Italian composer (1857–1919)

Ruggero (or Ruggiero) (Note: His first name is also spelled Ruggiero in many sources. His birth certificate lists his full name as Ruggiero Giacomo Maria Giuseppe Emmanuele Raffaele Domenico Vincenzo Francesco Donato Leoncavallo. However, his tombstone spells his first name as Ruggero.) Leoncavallo (Note: English pronunciation: /ˌleɪɒnkæˈvæloʊ/ LAY-on-kav-AL-oh, /ˌleɪoʊnkəˈvɑːloʊ, -kɑːˈ-/ LAY-ohn-kə-VAH-loh-,_---kah--; /it/.) (23 April 1857 – 9 August 1919) was an Italian opera composer and librettist. Throughout his career, Leoncavallo produced numerous operas and songs, but it is his 1892 opera Pagliacci that remained his lasting contribution, despite attempts to escape the shadow of his greatest success.
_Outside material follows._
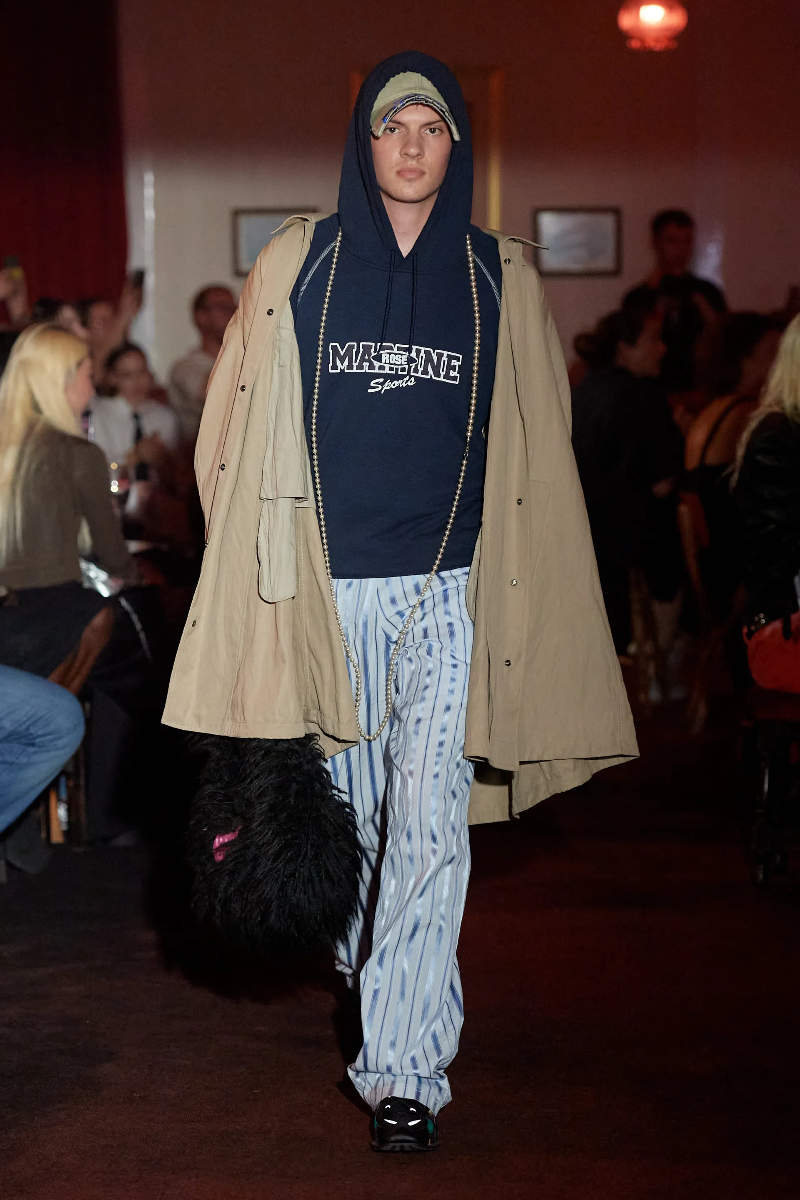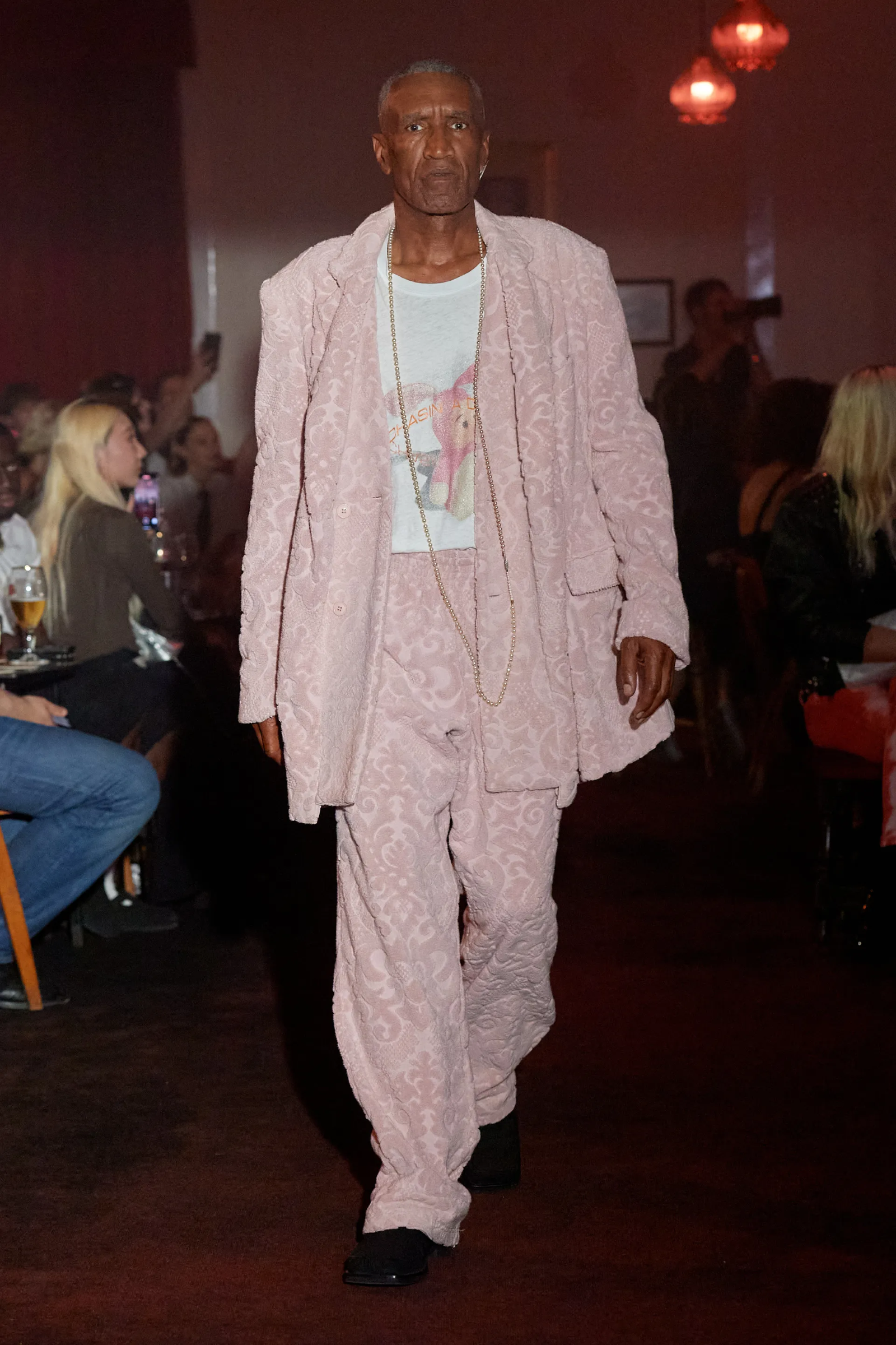 Martine Rose guarda sempre alla strada, come il suo mentore Demna, per tornare a raccontarla – con meno ironia e nostalgia che il suo maestro, ma anche senza provare a prendere il quotidiano e trasformarlo in qualcosa “da ricchi”, la sua moda è un lavoro espressivo, riguarda poco la lussificazione rapace dei codici della working class. C’è solo nobilitazione, elevazione e celebrazione di un archetipo, affettuoso racconto del presente e, in breve, un linguaggio che chi vuole può fare proprio ma che nasce per includere e non escludere, anche se sulle prime non è scontato comprenderlo. Per la collezione andata in scena ieri, Rose ha esplorato questi codici riproducendo la dimensioni eccessive e l’usura degli abiti usati, esprimendo la loro personalità singolare in maniera così spinta da raccontare, attraverso l’abbinamento degli abiti, estro e attitudini straordinariamente radicate nella realtà, quotidiani, ma anche espressivi di cambiamenti culturali più generali, riletti in un orizzonte conosciuto e riconoscibile che dunque diventa una sorta di lente con cui guardare al resto del mondo. I community center inglesi sono luoghi dove si va a ballare, poniamo, in un’atmosfera che non è quella ovattata e upscale del club esclusivo – sono posti dove comunità di quartiere, unite dalla stessa provenienza nazionale e culturale, spesso unite dalla semplice vicinanza si incontrano e si contaminano a vicenda riaffermando le proprie origini ma anche portando aggiornamenti ai "vecchi" costumi con l'inevitabile ricambio delle generazioni. Sono luoghi dove la bellezza o la desiderabilità di un abito o di un outfit non servono a prevaricare e conquistare gli altri o a sfuggire verso realtà di sogno ma a esprimere se stessi come individui e come parte di un gruppo. La dimensione è nota, rilassata ma anche profondamente originale dato che si risponde a esigenze più genuine del rimarcare il proprio status sociale.

Today Pagliacci continues to be his most famous opera and one of the most popular and frequently performed works in the operatic repertoire. His other notable compositions include the song "Mattinata", popularized by Enrico Caruso, and, to a lesser extent, his version of La bohème which, however, was overshadowed by Puccini's highly successful opera of the same name.

==Biography==
The son of Vincenzo Leoncavallo, a police magistrate and judge, Leoncavallo was born in Naples, at the time the capital of the Kingdom of the Two Sicilies, on 23 April 1857.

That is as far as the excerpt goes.